What Risk Does Debt Bring?

Debt is a tool to help businesses grow, but if a business is incapable of paying off its lenders, then it exists at their mercy. If things get really bad, the lenders can take control of the business. However, a more usual (but still expensive) situation is where a company must dilute shareholders at a cheap share price simply to get debt under control. Having said that, the most common situation is where a company manages its debt reasonably well - and to its own advantage. When we think about a company's use of debt, we first look at cash and debt together.

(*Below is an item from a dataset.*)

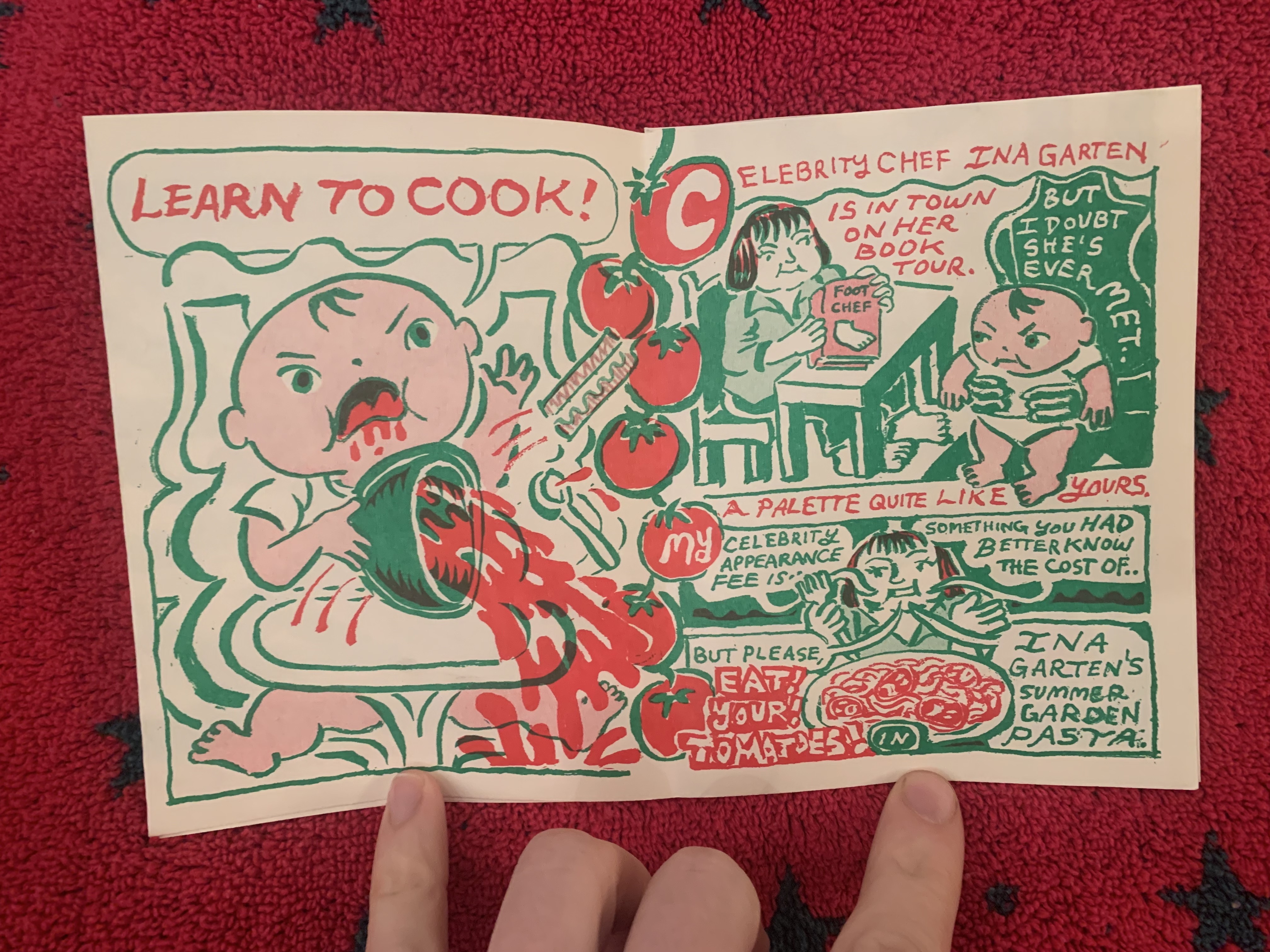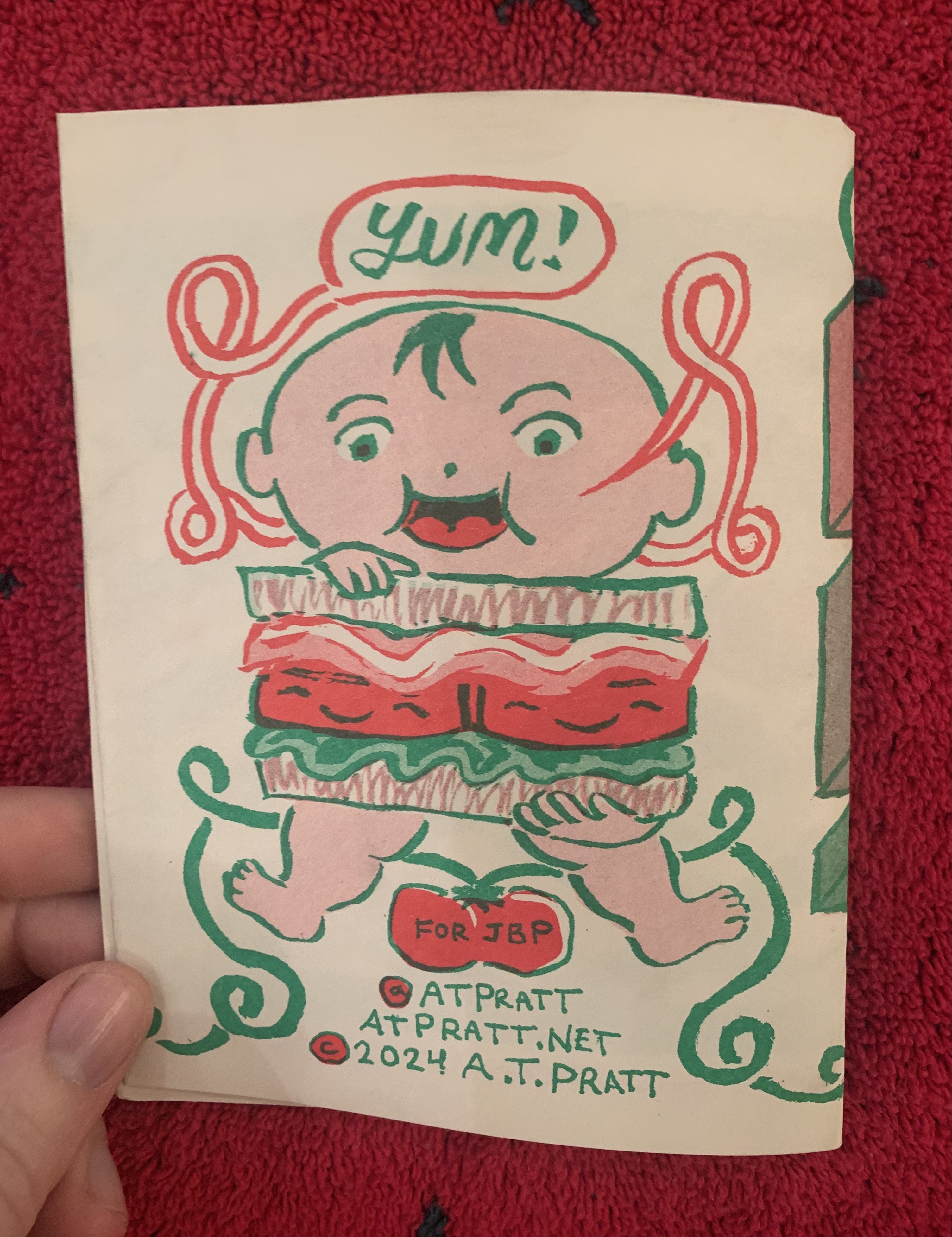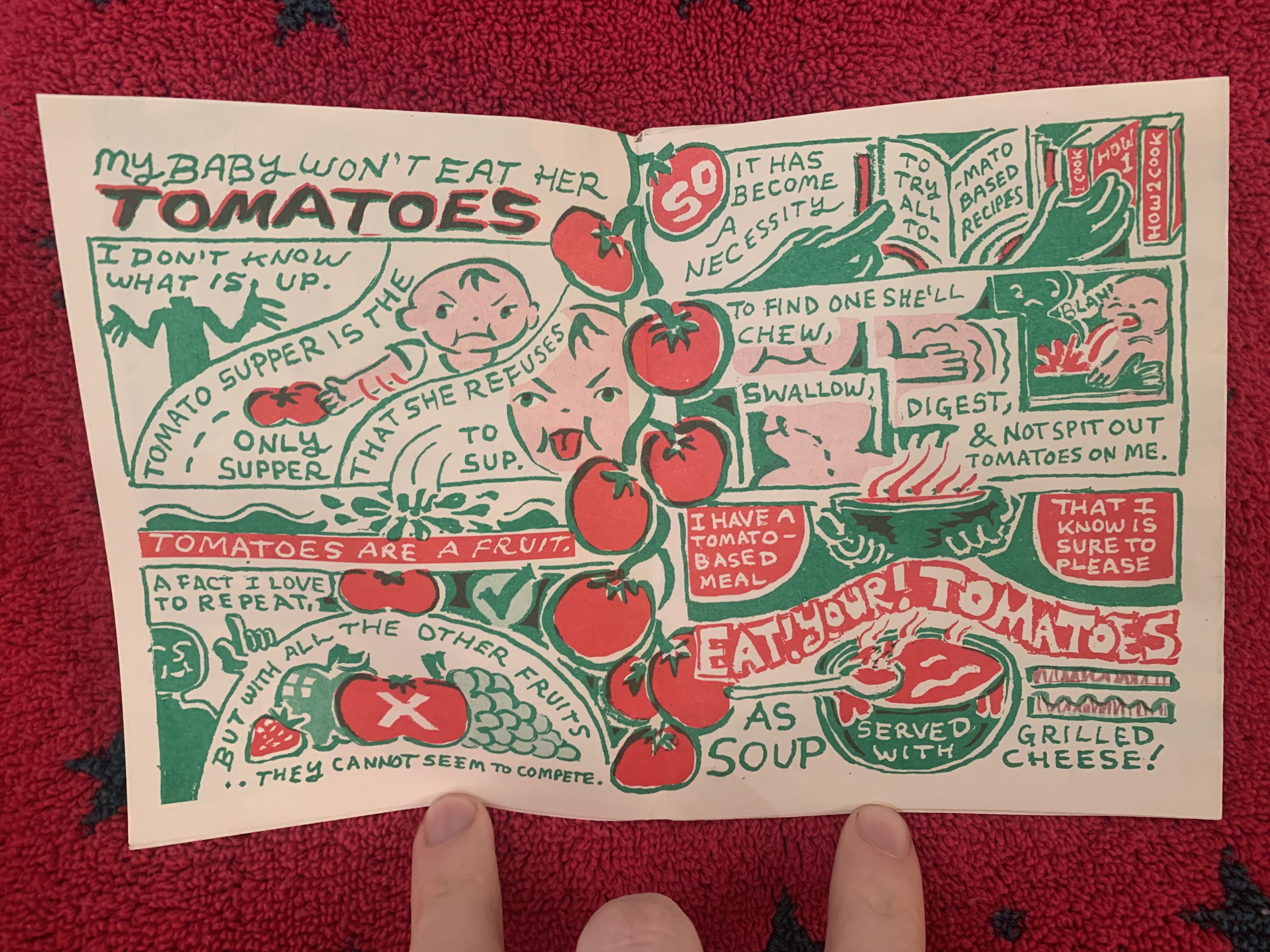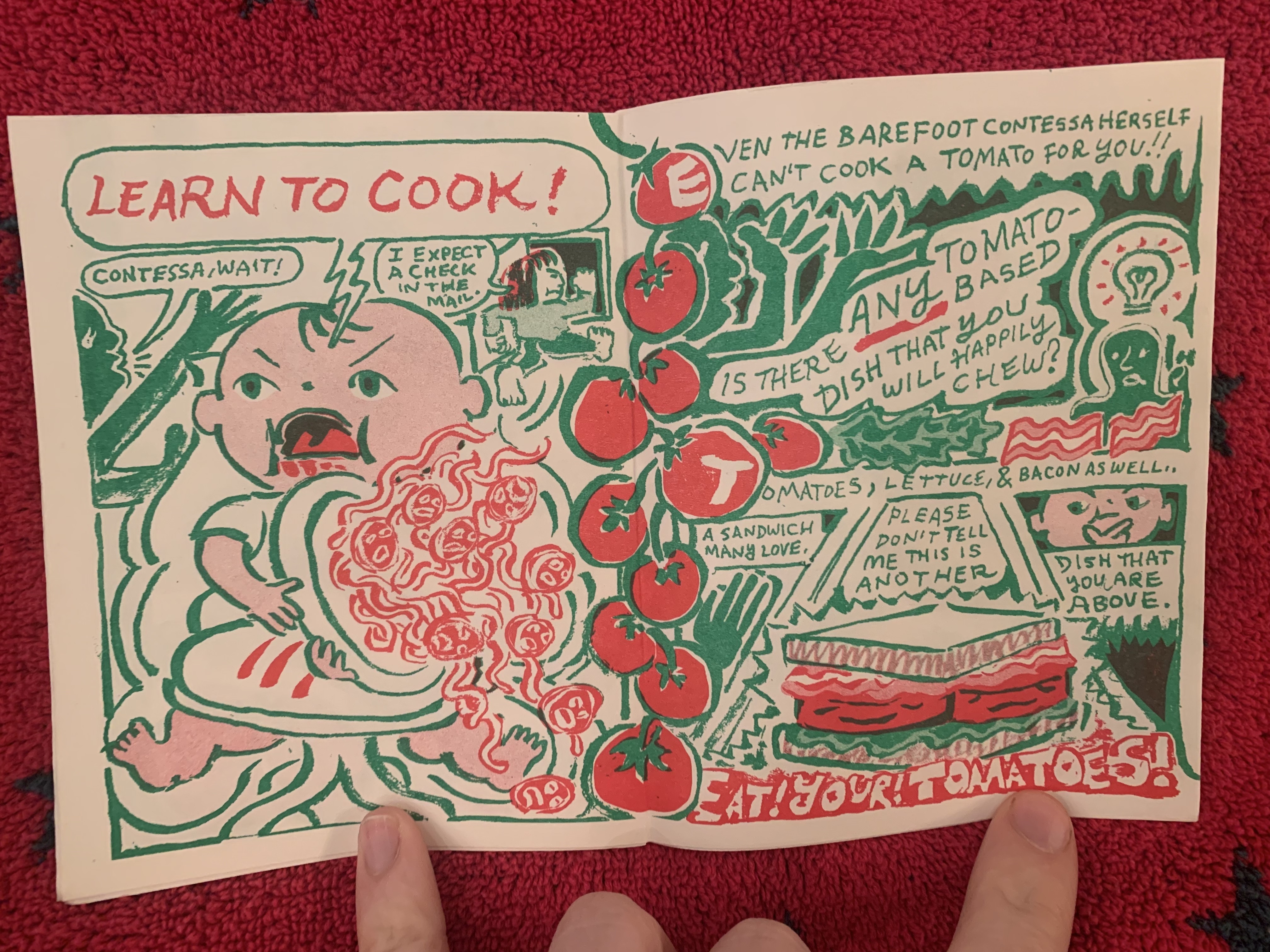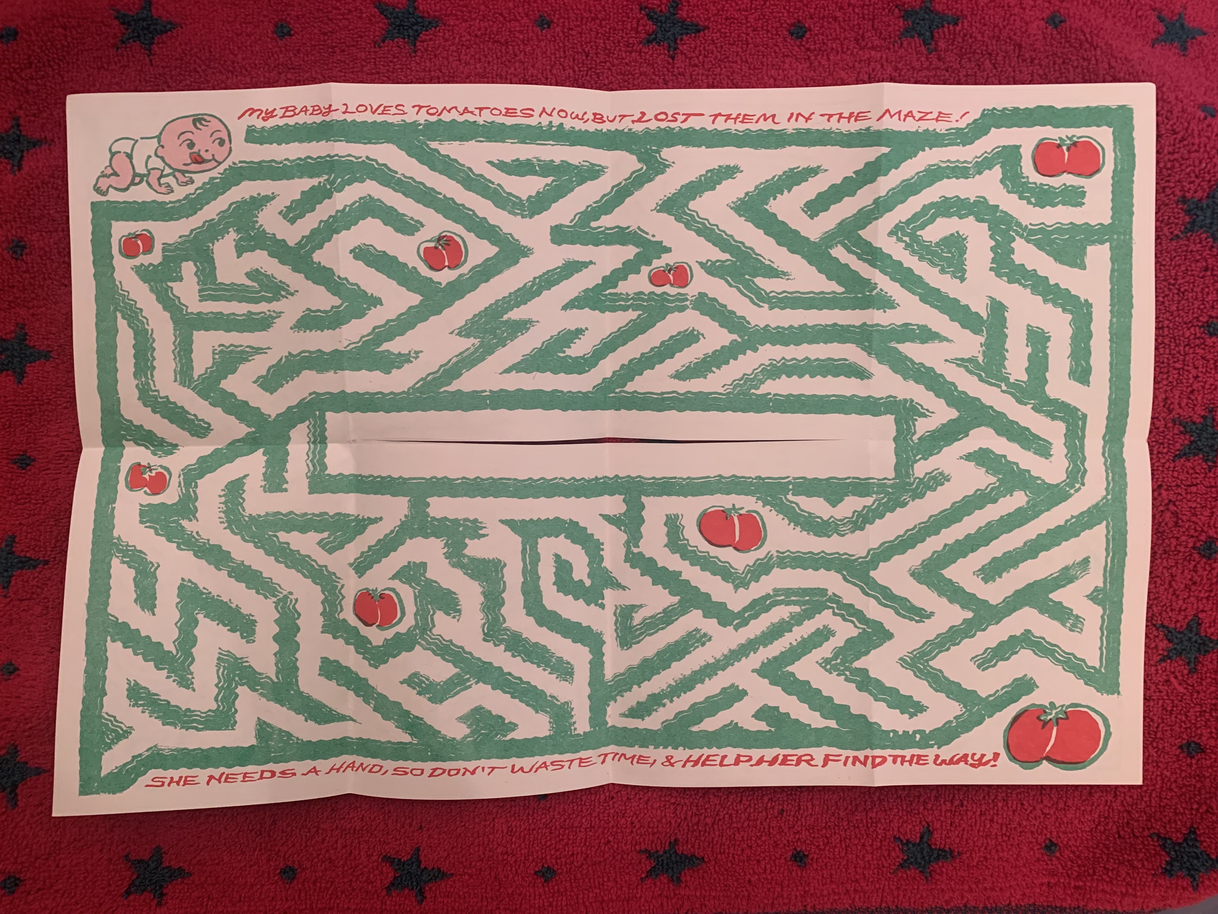 BLT Baby won't eat her tomatoes, refusing all tomato-based recipes, until she learns to love them after trying a certain sandwich. Then after learning to love them, you unfold the comic and she must find all 8 tomatoes in the maze.

View our latest analysis for Aakash Exploration Services

What Is Aakash Exploration Services's Net Debt?

The image below, which you can click on for greater detail, shows that at September 2022 Aakash Exploration Services had debt of ₹240.6m, up from ₹177.6m in one year. And it doesn't have much cash, so its net debt is about the same.

debt-equity-history-analysis
NSEI:AAKASH Debt to Equity History December 31st 2022

How Healthy Is Aakash Exploration Services' Balance Sheet?

The latest balance sheet data shows that Aakash Exploration Services had liabilities of ₹195.1m due within a year, and liabilities of ₹113.5m falling due after that. Offsetting this, it had ₹895.0k in cash and ₹246.7m in receivables that were due within 12 months. So it has liabilities totalling ₹61.0m more than its cash and near-term receivables, combined.

Given Aakash Exploration Services has a market capitalization of ₹698.6m, it's hard to believe these liabilities pose much threat. Having said that, it's clear that we should continue to monitor its balance sheet, lest it change for the worse.

We measure a company's debt load relative to its earnings power by looking at its net debt divided by its earnings before interest, tax, depreciation, and amortization (EBITDA) and by calculating how easily its earnings before interest and tax (EBIT) cover its interest expense (interest cover). Thus we consider debt relative to earnings both with and without depreciation and amortization expenses.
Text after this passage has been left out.